Отчий край - Седых Константин Федорович - Страница 22
- Предыдущая
- 22/142
- Следующая
— Ты ему все-таки горчицы в разговор подпустил. Насчет маньчжурской муки и японской сакэ здорово у тебя получилось, — похвалил Пахорукова Роман.
— И не думал об этом говорить, да как-то само собой получилось. Пусть поразмыслит на досуге… А что будешь с воззванием делать, товарищ командир? Разорвать его к чертям — и дело с концом.
— Нет, зачем рвать? Я обязан доставить его Удалову. Пусть он решает.
Удалов отправил семеновское воззвание в Богдать. Журавлев распорядился огласить его во всех полках, уверенный, что своими посулами атаман никого не обманет. Партизаны знали им цену и на прошедших всюду митингах обещали биться, не щадя самих себя, чтобы победить или погибнуть. Иного выбора у них не было.
10
Прошло две недели, и под Богдатью завязались большие бои. Скоро вокруг партизанской армии сомкнулось кольцо окружения. Тогда на военном совете было решено пробиваться в долину Урова, чтобы уйти в труднодоступную местность нижней Аргуни и отправить всех раненых в очищенную от белых Амурскую область.
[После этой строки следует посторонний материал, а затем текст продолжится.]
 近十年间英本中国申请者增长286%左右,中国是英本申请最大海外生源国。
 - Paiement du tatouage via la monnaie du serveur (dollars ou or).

Оставив на Шилкинском и Урюмканском направлениях сильные заслоны, главные силы темной осенней ночью двинулись на юг, к Богдатскому хребту, занятому японскими и казачьими полками.
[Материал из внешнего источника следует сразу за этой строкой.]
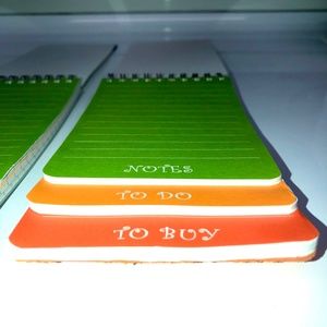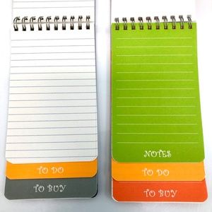 For sale is a Set of 5 Mini Journals + Spiral Bound Note Pads in Black, Orange & Pink. Three (3) are Mini Journals in Composition Book style in sealed packaging. Two (2) are Flocked Graduated Spiral Bound Note Pads with designs of Chrysanthemum Flowers and Butterflies in Black and Orange.

Погода неожиданно испортилась. Словно черным занавесом задернуло ясное звездное небо. Гонимые северным ветром, налетели косматые тучи, пошел дождь со снегом. Насквозь промокшие люди начали мерзнуть. Сносно чувствовали себя только те, у кого были шинели и дождевики.
От подножья хребта до перевала было одиннадцать верст. Дорога шла в сплошном коридоре дремучей тайги. Гигантские деревья, сплетенные ветвями над извилистой дорогой, сеяли на головы бойцов ледяные брызги и последние уцелевшие листья. Холодно и неуютно было раненым на телегах, тревожная неизвестность томила людей в строю.
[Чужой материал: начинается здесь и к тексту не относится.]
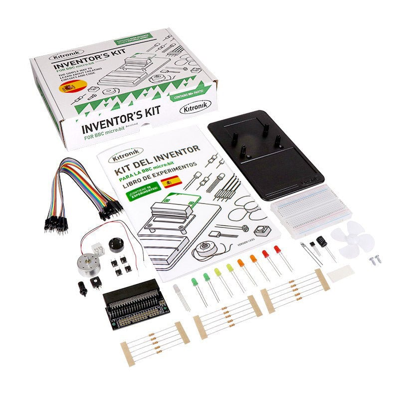 El Kit del Inventor para la BBC micro:bit is una manera fantastica para empezar a programar e interactuar con hardware utilizando la BBC micro:bit. Este Kit del Inventor contiene todo lo necesario para completar 10 experimentos usando LEDs, motores, fototransistores y condensadores.
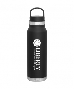 25 oz double wall 18/8 stainless steel thermal bottle with copper vacuum insulation, threaded insulated lid with carrying handle, high polish accent, stainless steel base, and powder coated finish. Hand wash recommended; Do not microwave. Dimensions: 10 H x 3".

Назначенные для атаки японских позиций сотни Первого и Второго полков спешились в двух верстах от перевала. Отдавая коня Ганьке, Роман спросил:
— Ну как ты, не робеешь?
— Пока не робею. Не знаю, как дальше будет.
— Давай, братишка, расцелуемся на всякий случай. — Голос Романа был глухим и печальным: — Сон я сегодня нехороший видел. Будто оступился мой конь, и вылетел я из седла на всем скаку.
— Такой сон ничего. Вот если наяву под тобой конь споткнется, тогда худо. Об этом я не раз слыхал от дедушки и отца.
— Ну, раз так, тогда спасибо. Ты в случае чего держись за Кум Кумыча. С ним не пропадешь.
В это время к Роману подбежал его ординарец Мишка Добрынин, отчаянный щеголь и отличный стрелок. Он был в брезентовой куртке, с двумя гранатами на поясе. За плечами у него тускло поблескивала винтовка с примкнутым японским штыком.
— Товарищ командир сотни! — обратился он к Роману. — Там вас начальник Особого отдела спрашивает. Сейчас придет сюда. И что ему тут надо за полчаса до атаки?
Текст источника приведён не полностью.